Observation space type: <class 'gym.spaces.box.Box'>
Observation space size: (2,) * float32
Observation space max values: [0.6  0.07]
Observation space min values: [-1.2  -0.07]


---

Action space type: Box([-1.], [1.], (1,), float32)


---

Reward range: (-inf, inf)


### Observation Space - _Box(2)_

| Index | Observation Type | Min Value | Max Value |
|:-----:|------------------|:---------:|:---------:|
|   0   | Car Position     |   -1.2    |    0.6    |
|   1   | Car Velocity     |   -0.07   |   0.07    |

### Action Space - _Box(1)_

| Action | Action Type           | Min Value | Max Value |
|:------:|-----------------------|:---------:|:---------:|
|   0    | The Power Coefficient |   -1.0    |    1.0    |

_**Note**: Actual driving force is calculated by multiplying the power coefficient by power (0.0015)._

### Reward
Reward of 100 is awarded if the agent reached the flag (position = 0.45) on top of the mountain.
Reward is decreased based on amount of energy consumed per each step.

### Starting State
The position of the car is assigned a uniform random value in [-0.6, -0.4].
The starting velocity of the car is always assigned to 0.
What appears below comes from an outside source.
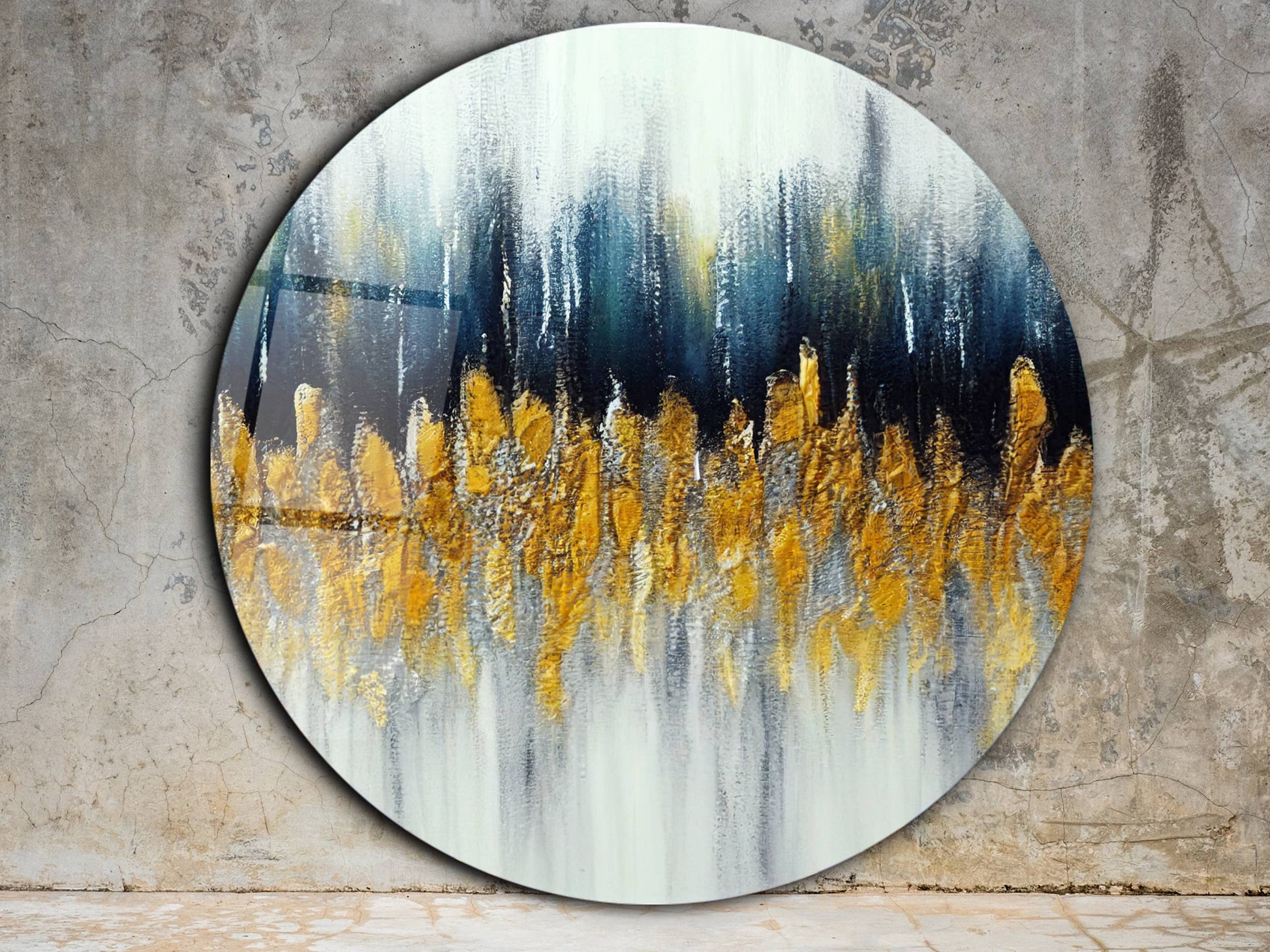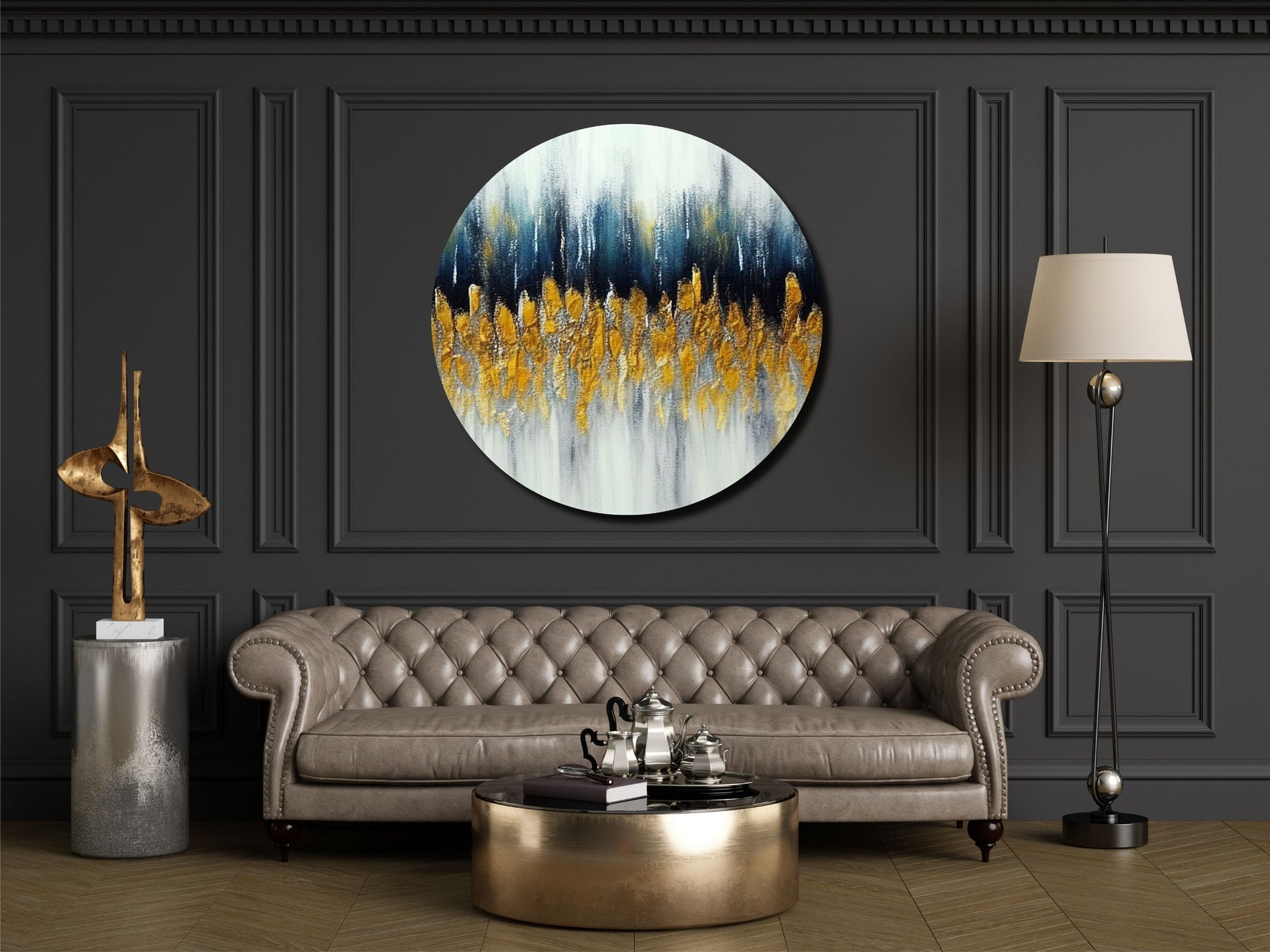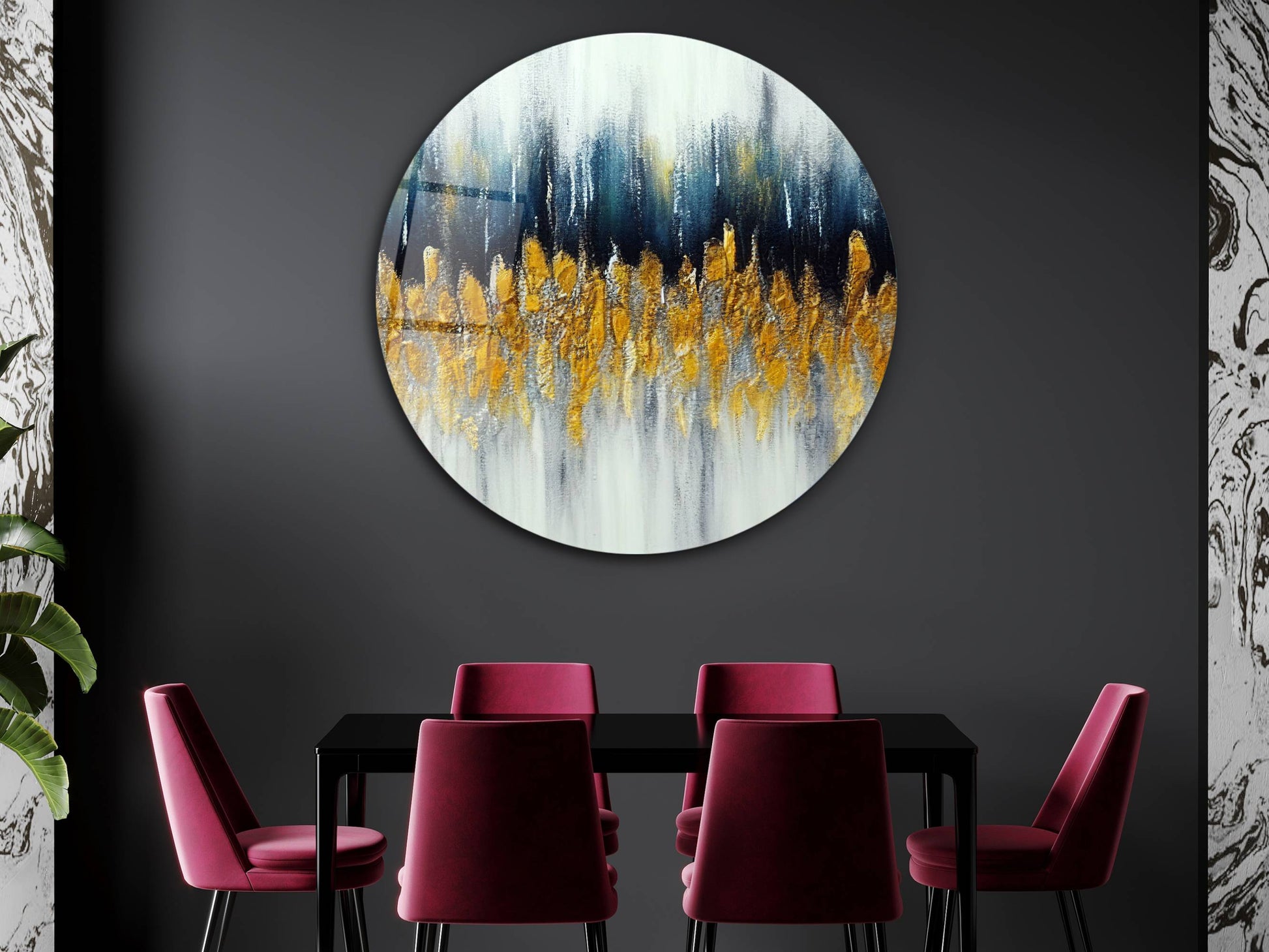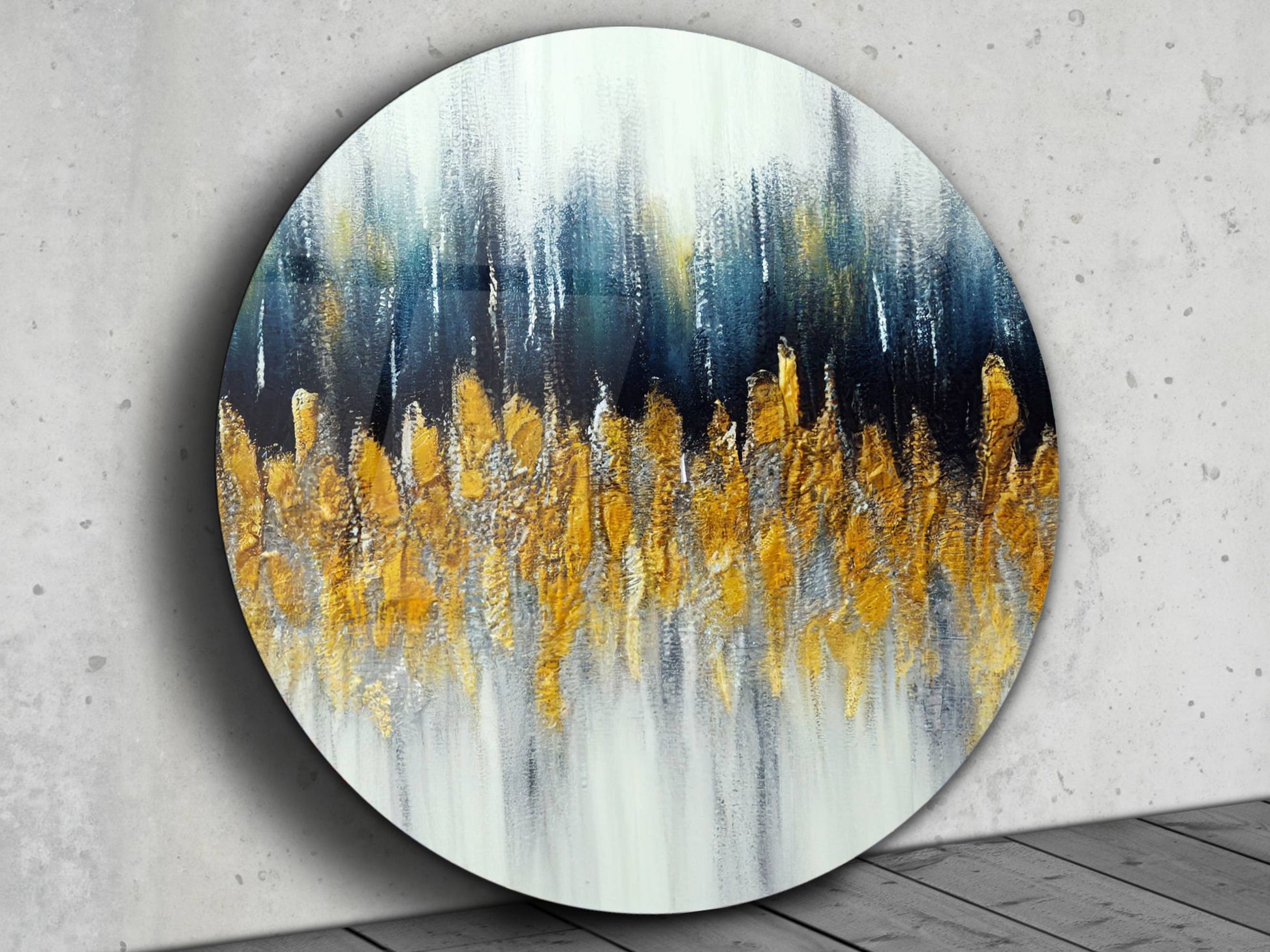 Lacivert ve Gold Soyut Cam Tablo – Modern Yuvarlak Tablo
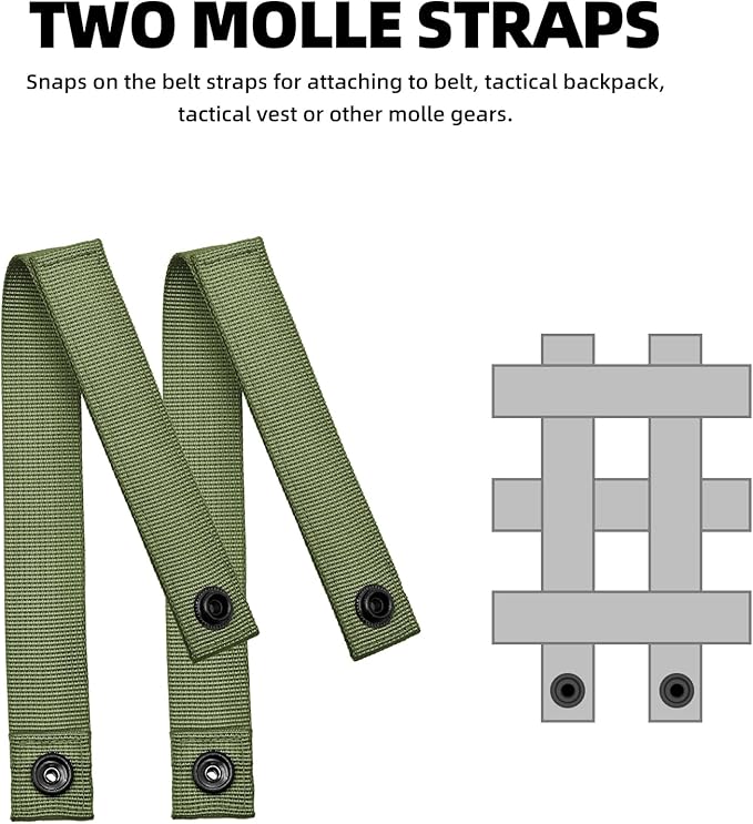 • Multiple Carrying Option:The tactical water bottle holder is equipped with two MOLLE back straps featuring metal snaps, allowing it to be securely attached to MOLLE-compatible gear such as backpacks or battle belts. It also includes a sturdy hook, ideal for holding keys or other small tools

### Termination Conditions
1) The Car position is more than 0.45
2) Episode length is greater than 200

### Solved Requirements
Considered solved reward is over 90.

In [4]:
from agents import RandomAgent

agent = RandomAgent(env)

In [5]:
for i in range(5):
    clear_output(wait=True)
    reward = engine.run(env, agent)
    print("Iteration", i, "->", "Reward", reward)

Iteration 4 -> Reward -34.19517459694104